** MATERIAL FOR THE TASK follows **
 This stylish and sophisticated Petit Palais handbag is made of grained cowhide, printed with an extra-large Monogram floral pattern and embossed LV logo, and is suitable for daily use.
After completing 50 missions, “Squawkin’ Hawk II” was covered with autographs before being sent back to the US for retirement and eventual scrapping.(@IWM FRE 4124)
** End of MATERIAL FOR THE TASK **
** MATERIAL FOR THE TASK follows **
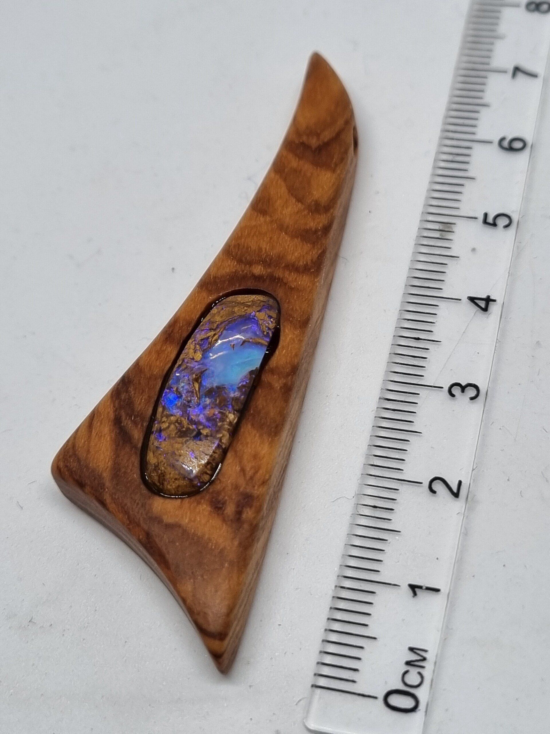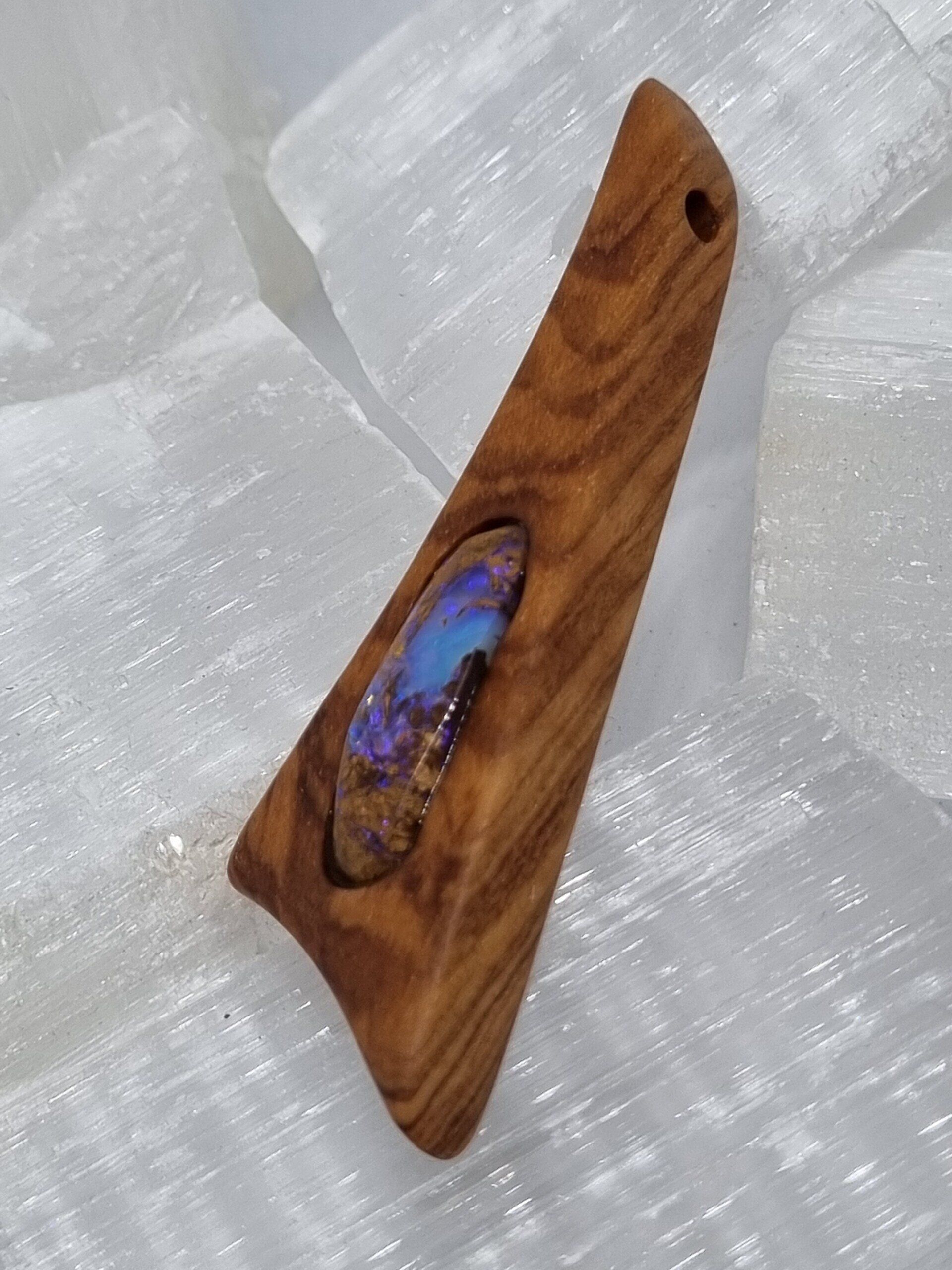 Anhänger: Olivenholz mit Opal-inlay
** End of MATERIAL FOR THE TASK **
WHAT IS NEEDED
All that should be written out is the stretch of lines above between the one holding "This stylish and" and the one holding "After completing 50", inclusive, exactly as given.

TASK OUTPUT
 This stylish and sophisticated Petit Palais handbag is made of grained cowhide, printed with an extra-large Monogram floral pattern and embossed LV logo, and is suitable for daily use.
After completing 50 missions, “Squawkin’ Hawk II” was covered with autographs before being sent back to the US for retirement and eventual scrapping.(@IWM FRE 4124)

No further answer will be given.